Mais: não foram denunciados os usos das parcelas da previdência e do empréstimo compulsório quando descontados dos salários dos servidores da Prefeitura e do Governo, não recolhidos aos cofres das previdências municipal e estadual. Tanto é verdade que, até hoje, os dois institutos não foram ressarcidos e, mais recentemente, dos R$ 250 milhões da venda da exclusividade da conta ao Banco do Brasil, este descontou a parcela devida de R$ 130 milhões.

Ora, se não foram ‘pedaladas’, nascidas de uma alegada apropriação indébita, já que os valores pertenciam aos servidores, como não prevalecer o salário como um direito essencial diante do mesmo plenário? E se amanhã, argumentava o bom defensor do governo, a decisão jurídica fosse no sentido de, por precaução, submetê-la ao Legislativo, em razão, quando nada, da necessidade da real transparência tão cobrada por todos? Como reagiria o parlamento?

A arte da política, queiramos ou não, e a esta própria coluna a posição contrária pareceu correta do ponto de vista inicial, é exatamente buscar saídas quando os impasses ameaçam o bem estar individual e coletivo. O salário é sobrevivência, muitas vezes, de tão baixos, ganham a dimensão do direito à alimentação. Prejudicar milhares e milhares de pessoas, em nome de uma filigrana jurídica, e quando não há ilicitude, exige da política o que foi feito: a aprovação.

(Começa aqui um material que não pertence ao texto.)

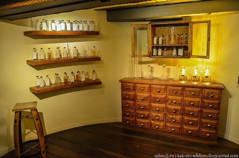 Уголок «спиртмейстера»). У главного специалиста имелась такая лаборатория, где он определял качество виски, начиная от образцов, взятых на разных стадиях варки, до готового спирта и виски.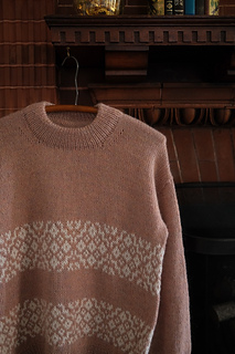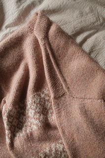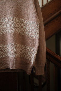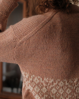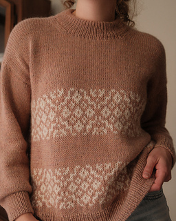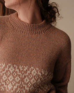 The Arden Pullover is worked top down and seamlessly in stockinette stitch and stranded colorwork. Circular needles are used to work flat at first, beginning with the upper back that increases to the width of the back, then is placed on hold. Stitches are picked up at each side of the piece to create the shoulders and front neckline shaping. The shoulders are joined and worked for a time to create the front, then joined in the round at the underarms to the back. The body is worked in the round to the desired length, finished with 1x1 ribbing, then bound off.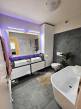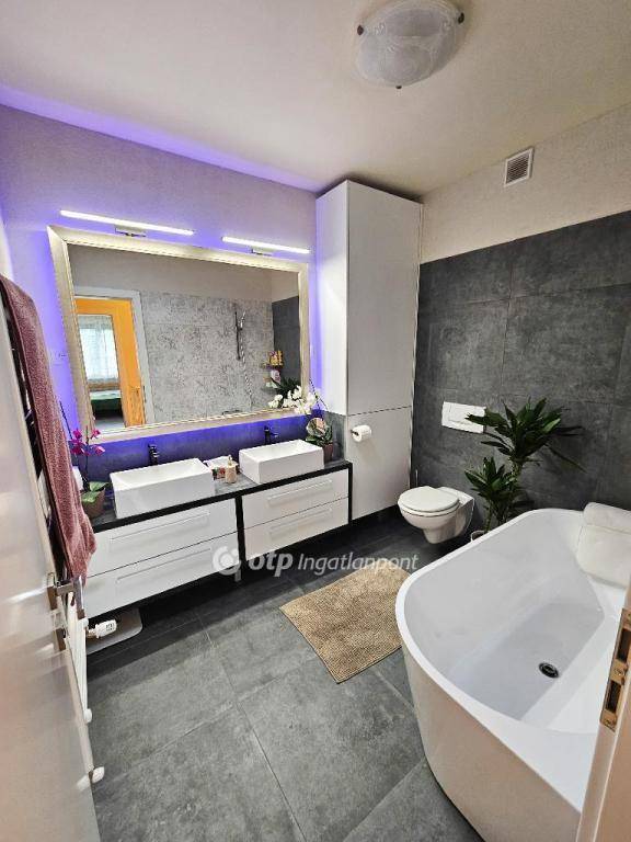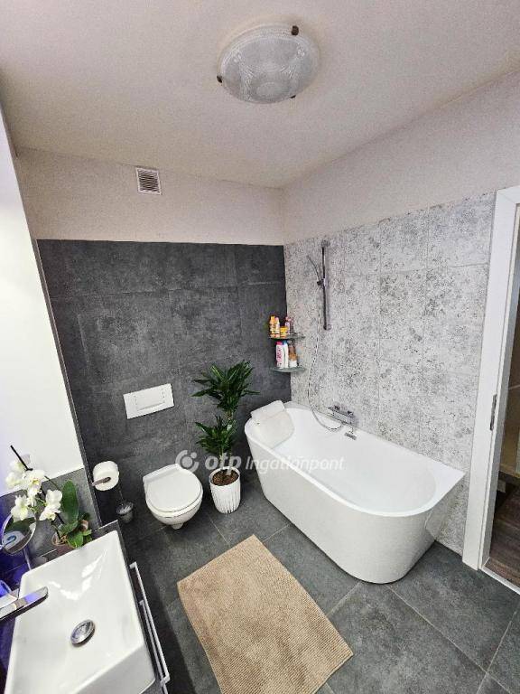 Ez a lakás nem csupán otthon, hanem életstílus: a tágas belső terek, a minőségi anyagok, a modern, letisztult berendezés és a saját kert különleges nyugalmat és kényelmet nyújtanak. A lakás teljes bútorzattal eladó, így akár egy bőrönddel is költözhetsz! A felújítás során nagy értékű csillár, robotporszívó, beépített bútorok, hatalmas konyhaszekrény is beépítésre került, melyek beletartoznak a vételárba. Emellett az emeleti fürdőszobában fénycső biztosítja napközben a természetes fényt.

O Estado dispõe de três poderes e de um sistema natural de freios e contrapesos feito para a busca permanente da garantia do bem estar dos cidadãos que incorporam a Nação. Não buscar é negar à política a flexibilidade da jurisprudência informal e salutar, do bom senso. E o bom senso não pode ser estiolado sob o calor de um legalismo que é a legalidade enlouquecida. Como resumiu o deputado George Soares, uma hora “o nó tem que desatar”. É. E desatou.

PALCO

THEMIS - Os sensíveis sismógrafos da Praça 7 de Setembro já acusam os primeiros sinais da  suave movimentação para o preenchimento do quinto Constitucional no Tribunal de Justiça.

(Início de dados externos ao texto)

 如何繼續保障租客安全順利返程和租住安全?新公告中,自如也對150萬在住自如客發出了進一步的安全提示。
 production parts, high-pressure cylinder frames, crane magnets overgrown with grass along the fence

VAGA - Pelas contas dos observadores, a vaga desta vez será do Ministério Público e é por isso que já corre nos escaninhos uma relação de quatro nomes mais cotados. A luta é grande.

PROEDI - Um bem posicionado auxiliar do prefeito Álvaro Dias parece convencido de que o cofre municipal vai sofrer perdas comprometedoras logo a partir da arrecadação de fevereiro.

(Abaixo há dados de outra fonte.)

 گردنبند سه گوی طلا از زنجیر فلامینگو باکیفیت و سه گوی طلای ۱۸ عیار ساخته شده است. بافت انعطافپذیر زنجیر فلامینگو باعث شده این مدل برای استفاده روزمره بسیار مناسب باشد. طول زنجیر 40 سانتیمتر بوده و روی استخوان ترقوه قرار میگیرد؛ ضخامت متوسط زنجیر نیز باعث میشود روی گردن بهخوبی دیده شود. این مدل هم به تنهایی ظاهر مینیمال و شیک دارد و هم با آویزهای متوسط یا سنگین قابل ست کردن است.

VEZO - Para uma fonte sindical o Poder Judiciário discrimina o servidor que recebeu apenas 4% de reajuste salarial, enquanto seus magistrados e os desembargadores receberam 16,38%.
TESTE - A discussão da reforma da previdência vai revelar com nitidez a posição de cada um dos deputados. Talvez o servidor descubra quantos são no plenário os petistas disfarçados. 

ALIÁS - Pela tradição do adesismo político, é sempre assim. Quem consultar atas da Câmara e Senado notará a maioria sólida do presidente Lula. Até o bravo presidente Bolsonaro apoiava.

CAICÓ – Boas cabeças coroadas do clero afirmam que o bispo de Caicó, D. Antônio Carlos Cruz Santos, teria pedido para ser transferido. Para o Rio - e ele é carioca - ou Minas Gerais.

SNIPER - De Dino, o filósofo melancólico do Beco da Lama, sobre o autoritarismo que hoje ameaça a liberdade de expressão no Brasil: “É hediondo censurar até quem defende a censura”. 

CAMARIM

BLA - A posição de alguns deputados justificando, em nome da lei, a ilegalidade da decisão da Assembléia, aprovando o crédito extraordinário no orçamento para o pagamento dos dois salários – dezembro e13º - acabou desabando na ineficácia por decisão do próprio Legislativo.

BLÁ-BLÁ - O que parecia sustentável - o desafio de jogar sobre nos ombros da bancada de governo a iniciativa de aprovar algo ilegal, passível de Ação Direta de Inconstitucionalidade - acabou revelando o que uma casa política não deve subestimar com as veemências legalistas.

BLÁ-BLÁ-BLÁ - Prevaleceu o que falaria mais alto: o risco de responsabilizar-se por deixar milhares de servidores vítimas de mero legalismo que a política sempre sabe superar diante dos grandes impasses. Fica, acima dos detalhes, a pergunta: quem irá contestar? A oposição?